The workshop scheduled for 5 p.m. to 7 p.m. June 5 in the police training room at City Hall is open to the public, and Aldermen Doug Skates encouraged his fellow council members to bring ideas from their constituents.

“Aldermen have opinions and have been getting feedback from constituents,” Skates said. “I would like to have an open discussion to get what you’re hearing in the neighborhoods.”

The city is planning an overhaul of the Riviera building that could cost $5 million, based on early projections.

City officials have not identified a funding source to pay for the project, and they have not decided details of the project, although roof replacement is expected to be the first job.

MSI General representatives discussed some results of the survey during a May 14 meeting of the city council oiers, harbors & lakefront committee meeting. The survey was conducted over several months ending in April.

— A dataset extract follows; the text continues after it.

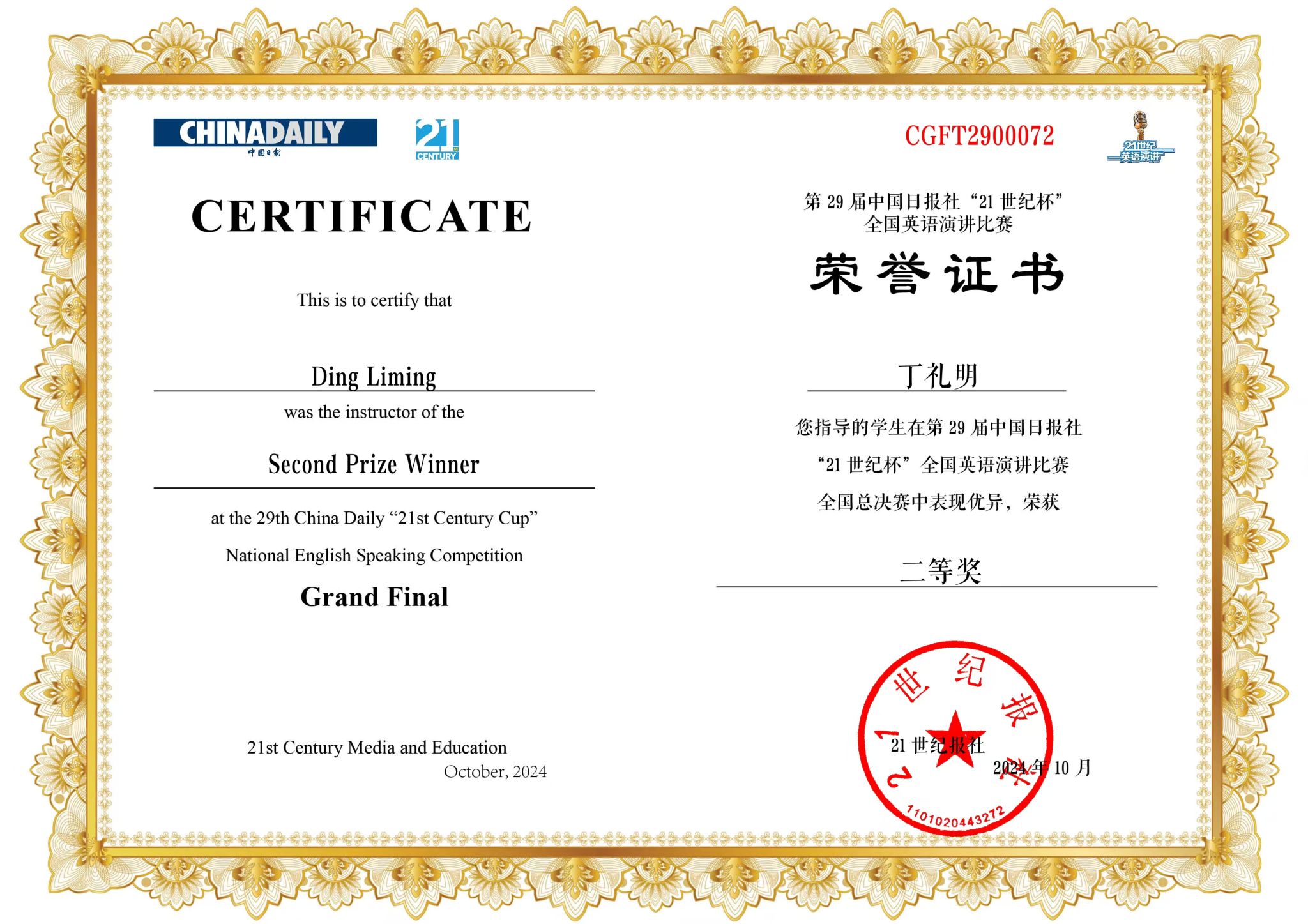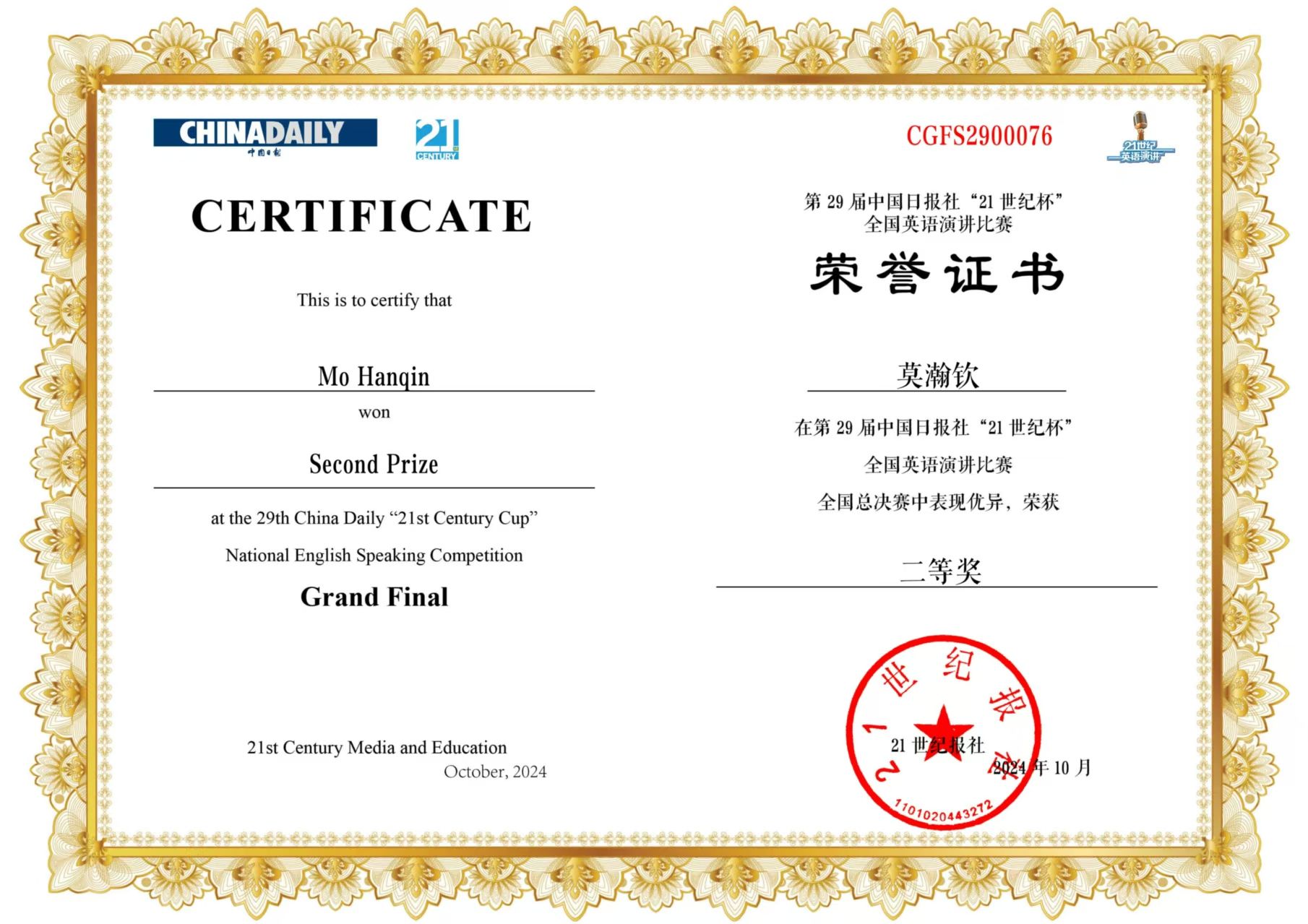 2024年10月17日至10月21日,由中国日报社、21世纪英语教育传媒承办的第29届中国日报社“21世纪杯”全国老员工英语演讲比赛全国赛在江苏无锡落下帷幕。全国总决赛共有来自各个省级赛区的246名选手。在经过5天、三轮的激烈比拼后,beat365英语系2023级英语师范专业莫瀚钦同学获得全国二等奖,beat365英语系丁礼明老师获得优秀指导教师奖。此次获奖也是老员工TOP外语成长训练营的阶段成果。

Adam Wolfe, project manager for MSI General, said most people who completed the survey were full-time Lake Geneva residents aged 65 or older.

Of those, most indicated that they care more about preserving the historic integrity of the building than they do about the cost of the renovation project. Wolfe said most also said activities they would like to see at the Riviera involved music, food and community art projects.

As far as the building itself, Wolfe said renovations that survey respondents want are improved elevators, upgraded restrooms and better access to different areas of the building.

“It basically boils down to food, music, activities and updates, whether that be accessibility, bathrooms and elevators — things of that nature,” Wolfe said.

The contractor has not yet released full survey results.

The survey was available online at the city’s webste, and it also was distributed at several local businesses.

Alderwoman Shari Straube said she did not receive a survey.

“I would assume that it went out to all Lake Geneva residents,” Straube said. “But it obviously didn’t.”

Skates said the city informed residents about the survey at many public meetings and elsewhere. He also said the deadline for completing the survey was extended more than once to increase participation.

“We reached out, reached out, reached out,” he said. “I felt like we saturated as much as we could.”

More community meetings to discuss the Riviera project are expected in the coming months.

Construction work is scheduled to begin later this year, with roof replacement identified as the first priority.